И опять оказалось, что хорошие дела заразительны: как показали расследования «Нового времени», после известия об одиннадцатом анонимном подарке почти всем опрошенным организациям взаимопомощи поступило сверх обыкновения много спонсорских взносов, причем более высоких, чем поступали раньше. И лавина накатившейся на меня почты, которую Ангелина, спасибо ей за это, обезвредила, взяв на себя добрую ее половину, в немалой степени состояла из запросов, как помочь семье Новотны в частности и детям-аутистам в целом, а также детям, осиротевшим в результате несчастных случаев, больным-инсультникам, бедным художникам и так далее, и куда адресовать пожертвования.
* * *
Даже я стал в некоторой степени другим человеком, потому что вот уже несколько дней вставал не позднее десяти, ну самое большее в половине одиннадцатого и лишь в исключительных случаях имел при этом тяжелую голову.

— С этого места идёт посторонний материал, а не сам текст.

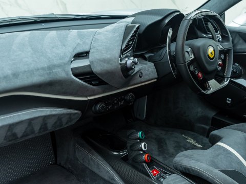 The Ferrari 488 Pista is the last in a long line of phenomenal hardcore track orientated versions of Ferrari’s V8 supercars. Following in the footsteps of legends such as the 430 Scuderia & the 458 Speciale except this time there is one major difference, the 488 Pista is turbocharged. Some Ferrari purists will turn their noses up at a turbocharged Ferrari, conveniently forgetting about the legendary F40, but the truth is these days the dark art of turbocharging at this level has significantly evolved and simply yields hugely powerful and torquey powertrains with beautifully linear delivery. The 488 Pista does not simply run a tweaked or boosted version of the GTB engine and instead uses the full-fat version from the 488 Challenge race car. One of the main differences in this engine are the lighted all titanium internals, making it spool quicker and feel all the more naturally aspirated in the way it revs. All this power and torque gives mind-bending straight-line performance with a 0-125mph time of just 7.5 seconds, a sniff slower than the LaFerrari!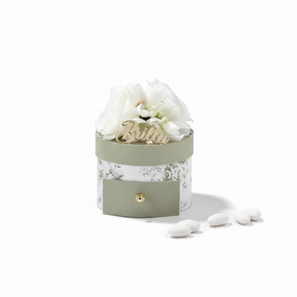 Struttura a Cassetto Raffinata: La scatola presenta un’elegante base cilindrica con una raffinata stampa floreale toile de jouy nei toni del verde salvia e bianco. Il pratico cassetto frontale, rifinito con un pomello dorato, aggiunge un tocco di funzionalitร e stile retrรฒ.

Кстати: в среду, после долгой абстиненции я снова встретился в баре Золтана с моими приятелями. Позади у нас с Мануэлем осталась напряженная – по моим представлениям – работа: мы подготовили два разворота, которые должны были выйти в свет в ближайшие дни. Разумеется, я был в соответственно веселом настроении.
– Смотрите, кто пришел, наш герой оказал нам честь, почтив личным присутствием, – приветствовал меня Хорст, держатель тотализатора.